Nuclear submarines for Australia are an extraordinarily expensive means of further subordinating the nation to foreign powers.
It is unfortunate that Australia is so determined to make itself an adversary of Beijing, but if we are to be adversaries, one expects that Beijing is grateful that our defence acquisition apparatus is so incompetent, able to dispose of vast sums of money while acquiring very little in the way of relevant warfighting capabilities.
That has become Washington's default strategy to acquire "allies," that is, instigate troubles around the targeted client state, create security dependency with sales of armament and security alliance. This kind of security embrace inevitably triggers backlash from the presumed adversary, and the cycle repeats. It's proven to be extremely difficult to get out of the embrace.
Of course, it's not all Washington's fault, the client state usually has its own faults and weakness.

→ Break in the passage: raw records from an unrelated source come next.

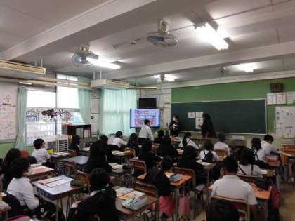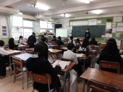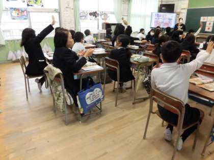 1組は社会のテストがかえってきました。地域の防災計画がどうつくられるかや学校に置かれている備品名について、復習をしています。2組は英語です。自分の好きなものについて、それをどう説明するかを考えています。
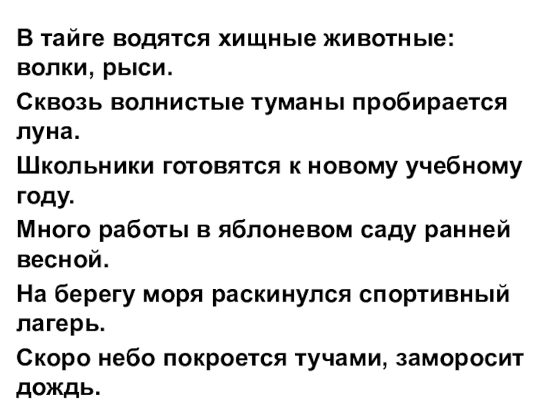 В тайге водятся хищные животные: волки, рыси.Сквозь волнистые туманы пробирается луна.Школьники готовятся к новому учебному году.Много работы
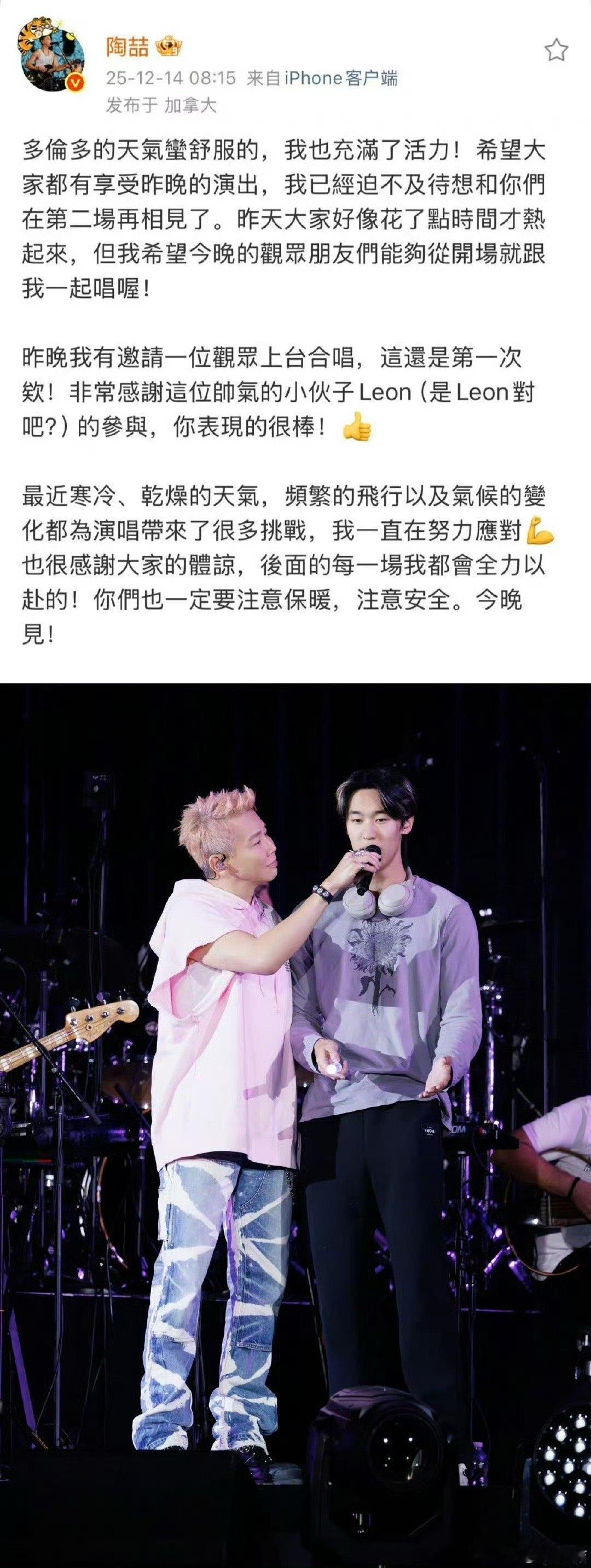 陶喆随机选了位观众合唱 陶喆把演唱会开成了大型圆梦现场!随机选人合唱,递话筒的细节满分。小哥在台上抱着偶像,眼里全是星星,这场面谁看了不羡慕?心里真有点不得劲儿了,下轮巡演门票我必须抢到!
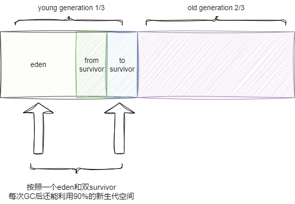 新生代一般来说GC次数要比老年代高很多,通常来说新生代我们考虑高效且空间利用率高,保证尽可能少的内存碎片,所以新生代采用标记复制法进行垃圾回收,将区域分为1个eden区和两个survivor区,当eden区满了之后就会触发minor gc,将存活的对象移动的另外一个survivor区中,由此保证空间利用率为90%且没有内存碎片。
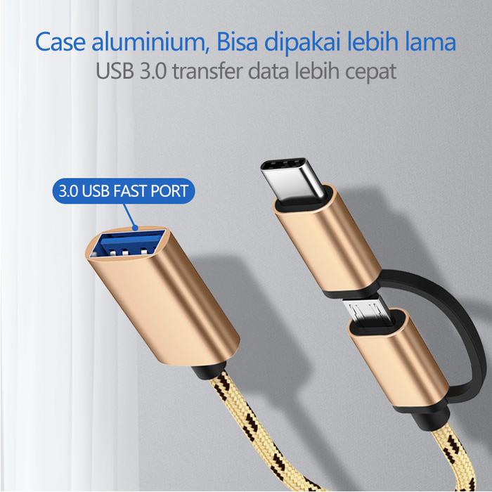 Adapter ini menggabungkan dua konektor paling populer, Micro-USB dan USB Type-C, dalam satu perangkat yang praktis. Cukup colokkan ke ponsel atau tablet Anda, dan secara instan Anda dapat mengakses dan mentransfer data dari flashdisk USB 3.0 dengan kecepatan tinggi. Selain itu, transformasikan perangkat mobile Anda menjadi workstation mini dengan menghubungkan mouse atau keyboard eksternal untuk produktivitas yang lebih besar. Sangat cocok untuk presentasi, bekerja di perjalanan, atau sekadar mengelola file dengan mudah.
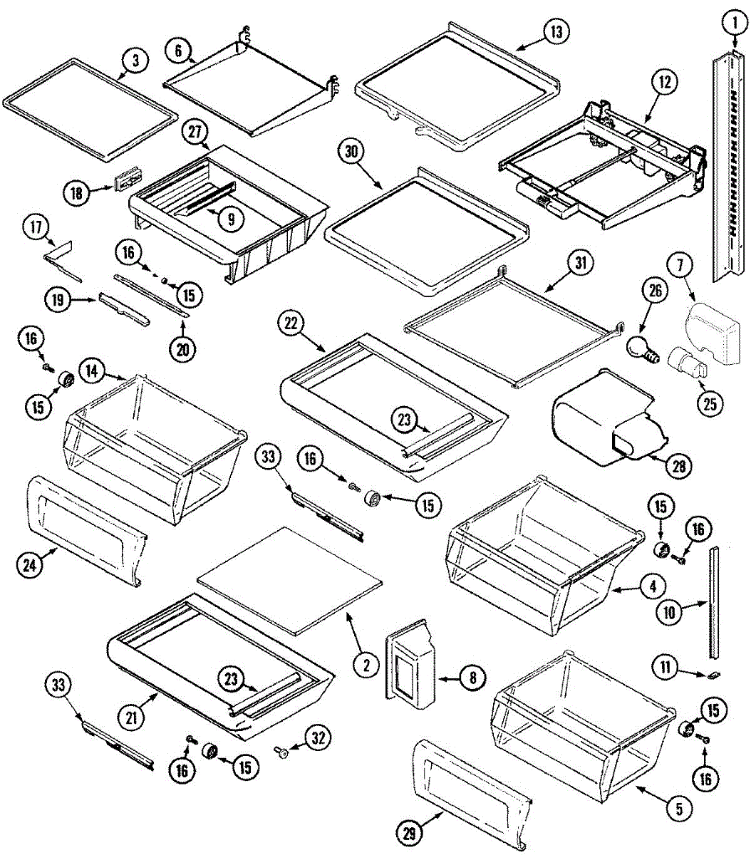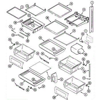 This crisper shelf support is the side-wall bracket that holds the glass shelf/cover above the produce drawers. Replacing a cracked support restores a level shelf and smooth crisper drawer operation.
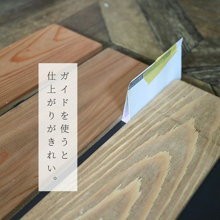 きれいな仕上がりにするには、板を同じ幅で貼るのがコツ。ガイドを作ると簡単に幅をそろえることができますよ。お菓子の空き箱などを活用して作ってみましょう。このひと手間で作業がグッと楽になります。
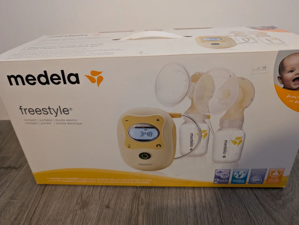 Selling a Medela Freestyle double electric breast pump. It comes with all the parts you see in the photos, including the bottles, flanges, connectors, tubing, power adapter, and cooler bag. It also comes with the original box! This pump is compact, portable, and designed for double pumping Cash pickup only at Richmond CF Centre
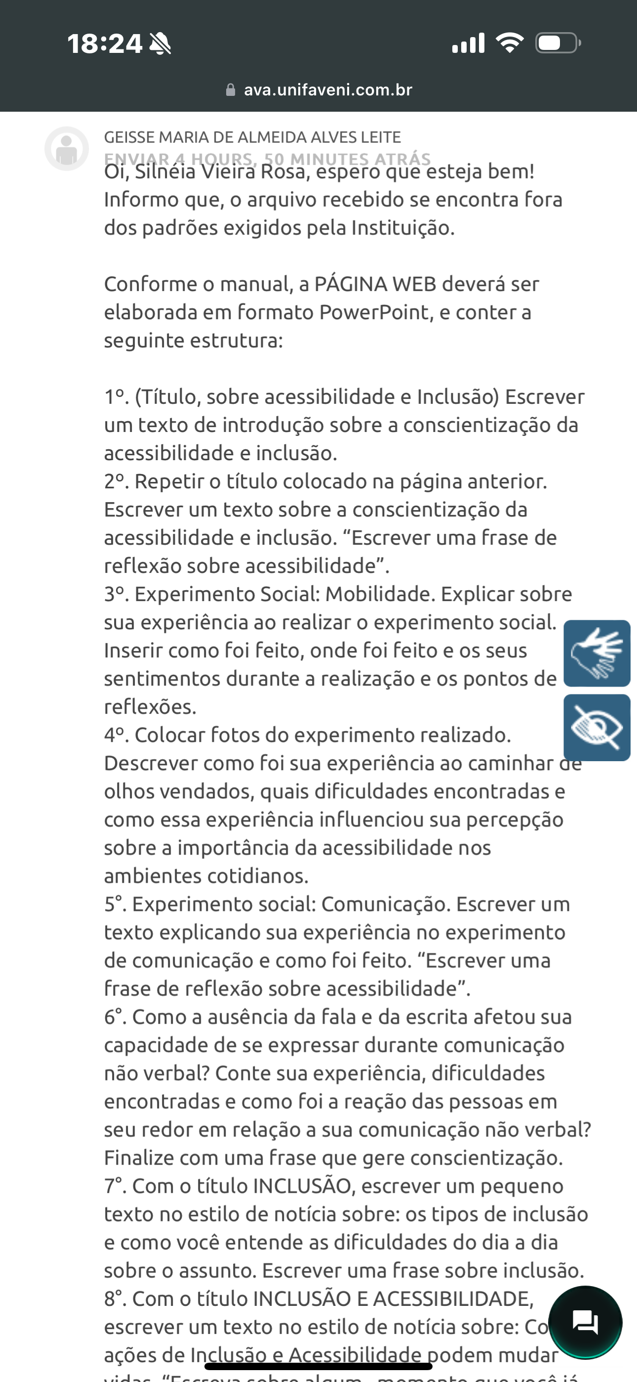 <p>18:24 ava.unifaveni.com.br GEISSE MARIA DE ALMEIDA ALVES LEITE ENVIAR 50 MINUTES ATRÁS Oi, Silnéia Vieira Rosa, espero que esteja bem! Informo que, o arquivo recebido se encontra fora dos padrões exigidos pela Instituição. Conforme o manual, a PÁGINA WEB deverá ser elaborada em formato PowerPoint, e conter a seguinte estrutura: 1°. (Título, sobre acessibilidade e Inclusão) Escrever um texto de introdução sobre a conscientização da acessibilidade e inclusão. 2°. Repetir o título colocado na página anterior. Escrever um texto sobre a conscientização da acessibilidade e inclusão. "Escrever uma frase de reflexão sobre acessibilidade". Experimento Social: Mobilidade. Explicar sobre sua experiência ao realizar o experimento social. Inserir como foi feito, onde foi feito e os seus sentimentos durante a realização e os pontos de reflexões. Colocar fotos do experimento realizado. Descrever como foi sua experiência ao caminhar de olhos vendados, quais dificuldades encontradas e como essa experiência influenciou sua percepção sobre a importância da acessibilidade nos ambientes cotidianos. Experimento social: Comunicação. Escrever um texto explicando sua experiência no experimento de comunicação e como foi feito. "Escrever uma frase de reflexão sobre acessibilidade". Como a ausência da fala e da escrita afetou sua capacidade de se expressar durante comunicação não verbal? Conte sua experiência, dificuldades encontradas e como foi a reação das pessoas em seu redor em relação a sua comunicação não verbal? Finalize com uma frase que gere conscientização. Com o título INCLUSÃO, escrever um pequeno texto no estilo de notícia sobre: os tipos de inclusão e como você entende as dificuldades do dia a dia sobre o assunto. Escrever uma frase sobre inclusão. Com o título INCLUSÃO E ACESSIBILIDADE, escrever um texto no estilo de notícia sobre: Co ações de Inclusão e Acessibilidade podem mudar</p>

India has been staying neural and non-aligned for decades, but has now gradually embedded into QUAD and Washington's security trap. It actually hasn't benefited much from this tilt so far and I doubted it'll improve its strategic plight in its neighborhood. If anything, it's getting worse. It could have stayed neural and leveraged that position to reap benefits. In contrast, Vietnam has done a marvelous job to keep equidistance between the US and China. The results have shown.
Two rather peculiar examples are Australia and Lithuania.
Lithuania is a tiny country with less than 3 million population, tens of thousands of miles away from China, and doesn't even have much trade with China. Yet it is challenging China on her most sensitive issue and core interest: Taiwan. And its foreign minister is visiting Washington now to "build an alliance against China."
What Lithuania has done is laughable, but it at least has some logic behind it. Maybe using China as a strawman enemy to curry favor with Washington. Since it is so far from China and doesn't have much connections with China. It figures that it wouldn't get hurt or lose much.
Australia, on the other hand, has become a benchmark of stupidity within some circle. It's benefited so enormously from China's growth and trade. It hasn't had experienced a recession over a quarter century largely because of China before the pandemic. All it does is to sell mostly dirt, that is, it doesn't even have to worry about selling or transferring technologies to the Chinese, unlike, say, the US or Germany. Not that Australia has much technology to sell to begin with. Besides, Australia is so far from China, there is no territorial disputes, no security threat, no historical animosity. In short, it's hard to think of another country that has benefited so much, so one-sided, so cleanly from the rise of China.
Yet Australia has successfully turned China into its public enemy #1. In return, Australia has probably gained the status of China's enemy in the long haul and there will probably be blowbacks in the years ahead. And now, Australia has started to feel some real security threat, such that it is on track to spend heavily on expensive imported toys and throw itself ever more tightly into Washington's security embrace.
It doesn't have to be that way, but it's getting harder to get out of that trap with every step it's taken.